D. M Endres and J. E Schindelin, "A new metric for probability distributions", IEEE transactions on Information Theory 49, no. 7 (July 2003): 1858-1860.

dist_dpq_at(self, other, offset)

source code 

calculates the dist_dpq measure with a given offset.

offset should satisfy 0<=offset<=len(self)

dist_pearson(self, motif, masked=0)

source code 

return the similarity score based on pearson correlation for the given motif against self.

We use the Pearson's correlation of the respective probabilities.

format(self, format)

source code 

Returns a string representation of the Motif in a given format

Currently supported fromats:
  • jaspar-pfm : JASPAR Position Frequency Matrix
  • transfac : TRANSFAC like files
  • fasta : FASTA file with instances

make_instances_from_counts(self)

source code 

Creates "fake" instances for a motif created from a count matrix.

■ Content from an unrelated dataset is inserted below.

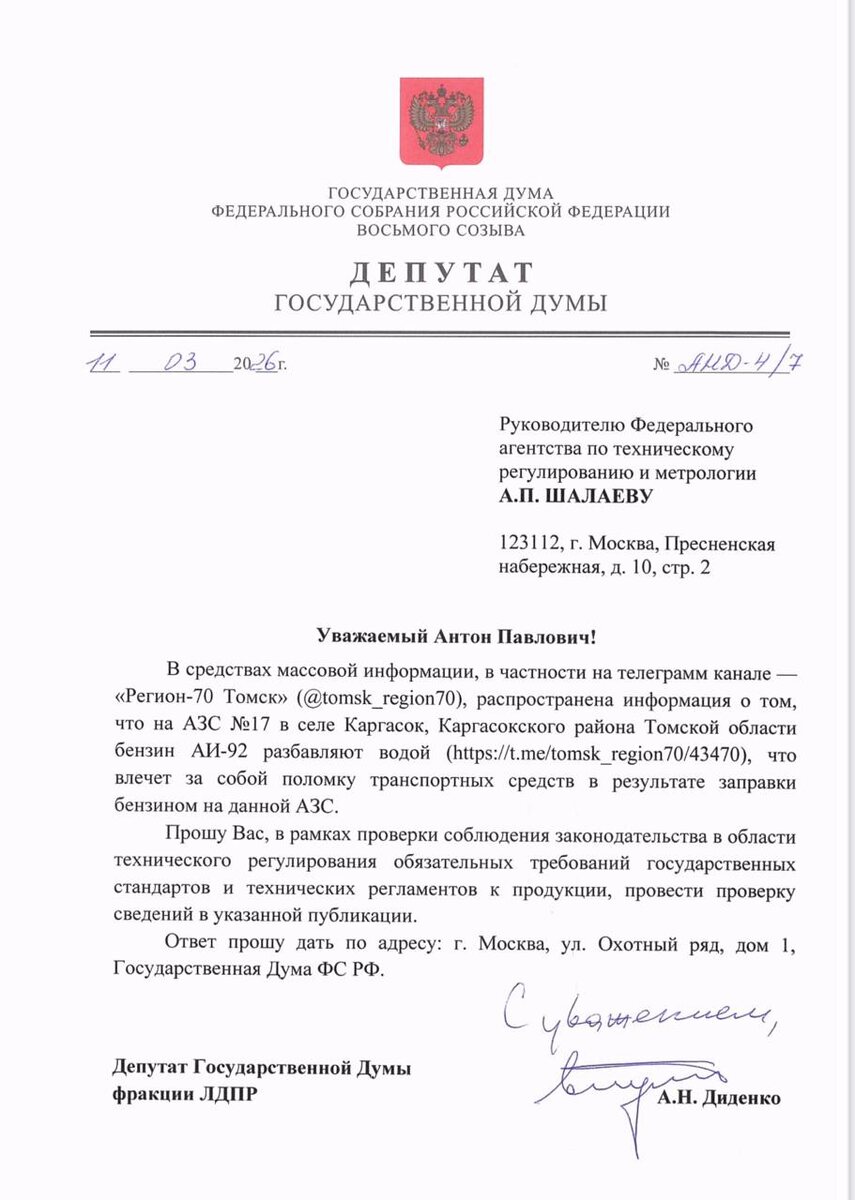 ! Поступала информация о том, что в нашей стране ситуация с топливом стабильная и качество соответствует норме. Однако в Томской области, в селе Каргасок, разворачивается совсем другая история — и контраст получается шокирующим. Местные водители бьют тревогу: заправка №17 вместо бензина заливает в баки обычную воду. После посещения этой АЗС автомобили проезжают всего пару километров и глохнут. Один из пострадавших слил из бака около 4 литров воды. На данный момент счет сломавшихся машин идет уже на десятки. Именно в связи с этим депутат Государственной Думы Алексей Николаевич Диденко направил официальный запрос руководителю Федерального агентства по техническому регулированию и метрологии. Парламентарий требует провести проверку соблюдения законодательства, государственных стандартов и технических регламентов в отношении качества продукции на данной заправке. На фоне сообщений о благополучии с топливом у соседей особенно остро звучат вопросы: как вода оказалась в бензине, кто допус

In case the sums of counts are different for different columnes, the shorter columns are padded with background.

max_score(self)

source code 

Maximal possible score for this motif.

returns the score computed for the consensus sequence.

min_score(self)

source code 

Minimal possible score for this motif.

returns the score computed for the anticonsensus sequence.

pwm(self, laplace=True)

source code 

returns the PWM computed for the set of instances

if laplace=True (default), pseudocounts equal to self.background multiplied by self.beta are added to all positions.

scanPWM(self, seq)

source code 

Matrix of log-odds scores for a nucleotide sequence.

scans a nucleotide sequence and returns the matrix of log-odds scores for all positions.

  • the result is a one-dimensional list or numpy array
  • the sequence can only be a DNA sequence
  • the search is performed only on one strand

set_mask(self, mask)

source code 

sets the mask for the motif

The mask should be a string containing asterisks in the position of significant columns and spaces in other columns

weblogo(self, fname, format='PNG', **kwds)

source code 

uses the Berkeley weblogo service to download and save a weblogo of itself

requires an internet connection. The parameters from **kwds are passed directly to the weblogo server.